Konya merkezinin güneybatısında, yeni Antalya, Bülümya (Erenkaya) köyünü geçtikten sonra sola bir yol sapar. Bu yol; Kayalı, Kumralı, Gökyurt (Gilisira) yol hattıdır. Kayalı Dağı’na tırmanmak için Kayalı Köyü içinden kuzey batıya doğru uygun bir rota izlenir. Kayalı Dağı’nın zirveleri değişik yükseltilerdedir. Bu çevre yüksek dağlar, tepeler ve kayalıklarla çevrili olup, orman bakımından da varsıldır.
Önce; köyün adının nereden geldiğine, kısa bir tarihçesine değinelim. Sonra da gördüklerimizi anlatalım.

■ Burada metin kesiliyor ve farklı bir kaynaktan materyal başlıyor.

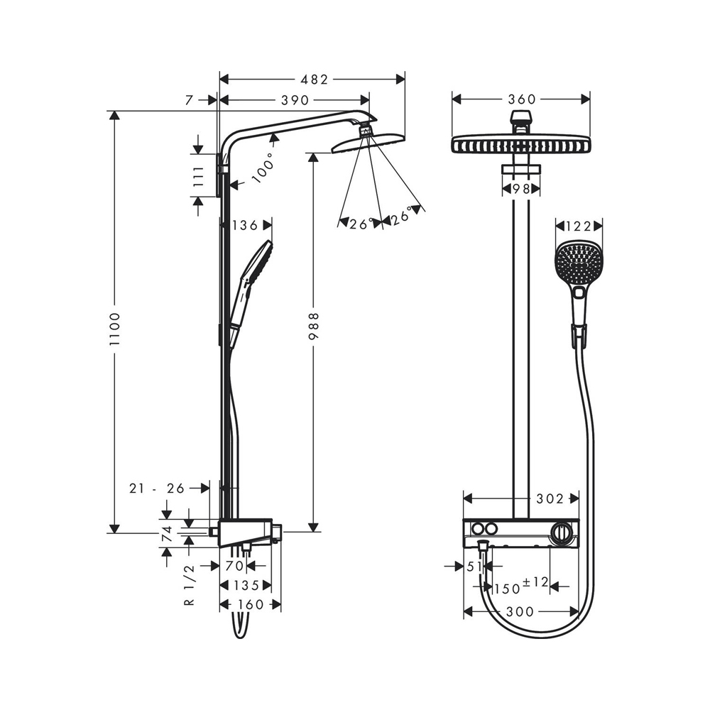 98.8 | Диаметр ручной лейки, см | 12 |

Kayalı Köyü telefon Rehberi 2001’de köyün kısa bir tarihçesi verilmiş. Tarihçe aynen şöyle: “1300 yıllarında Tibet’ten göçebe olarak İran topraklarında kalan Tiber köyüne, oradan da şimdiki Tulasa’ya gelip yerleşmişlerdir. Köyü kuran üç kişidir. Farsça’da Tulasa, üç asa anlamına gelmesinden dolayı üç derviş tarafından kurulmuştur. Köyümüzün vakıf ceviz denen semtinde medreseler olduğu bilinir. Nasrettin Hoca’nın bu medreselerden ilim tahsil yaptığı güçlü bir ihtimal. Köyümüzün yeni adı, Kayalı köyünün batısında bulunan dağdan almaktadır.”
Yaşlı köylülerin söylediklerine göre: Köy halkı Asya’dan gelmektedir. Buna göre, köyün özgün isminin Tulasya olması gerekmektedir. Tulasya denildiğinde; Asya yurdu anlamı çıkar. Belki bilirsinizdir; eski kitaplarda bir ülke yeri tanımlanırken falan tuldaki filan ülke denir. Bu isim, bu anlamda asıl isim olabilir.
Bu köye halk arasında Tolasa-Tolasya’da denmektedir. Tol: Küçük köy anlamında olduğuna göre; asa (baston) köyü, asa-tolu veya Asya tolu gibi bir anlam ortaya çıkar.
Bu açıklamalardan sonra, Kayalı Dağı'nı ve tarihi kalıntılarını birlikte gezelim.
Kayalı Dağı yer- yer kayalık, yer- yer ormanlık olup sönmüş volkandır. Geniş bir oturumu olan dağın bir ucu yer- yer tepelerle Bülümya arazilerine, bir ucu Tulasa köyüne, bir ucu da Gökyurt köyüne sınırdır. Güneyinde Gökyurt Köyünün Alisumas Dağı vardır. Kayalı Dağı’nın genişliği ölçüsünde sayısız dik zirveleri, kayalık olup, manzara olarak oldukça vahşidir. Dağda yaylalar, bol sulu çeşmeler, tek tük mağaralar ve güney kesiminde tarihi kalıntılar vardır.
Kayalı köyünden tırmanıldığında küçük ören yerleri ve Delik’in denilen büyükçe bir mağaradan başka tarihi kalıntı yoktur. Dağın güney kesiminde yani Alisumas Dağı’na bakan kesiminde birtakım mağaralar, kayaya oyulmuş bir kilise, Kız Yapısı, köylülerin yel değirmeni dedikleri bir yapı öreni vardır. Kız Yapısı’nın aynısı Alisumas Dağı’nın güneybatı kesimindedir ve aynı adla anılmaktadır. Büyük bir kaya kütlesinin önü taş duvarla örülmüş yukarıda küçük bir kovuk kalmış, içerisi büyük bir odadır ve bir tünelle kayaların üst tarafına geçişi vardır. Her iki örene de ulaşıp çıkmak çok profesyonelce bir cesaret ve deneyim ister. Buralarda kutsal yer olarak kabul edilen İlyas Dede denilen bir yer vardır.
Yine aynı kesimde köylülerin yel değirmeni dedikleri bir sarnıcı andıran ören yeri vardır. Yapı Roma dönemine aittir. Belki sarnıç olarak, belki gözetleme, işaretleşme noktası olarak, belki de gizlenme amaçlı bir yapıdır. Uzman yüzü görmemiş bu yerlerin incelenip tarih dünyasına tanıtılması gerekir.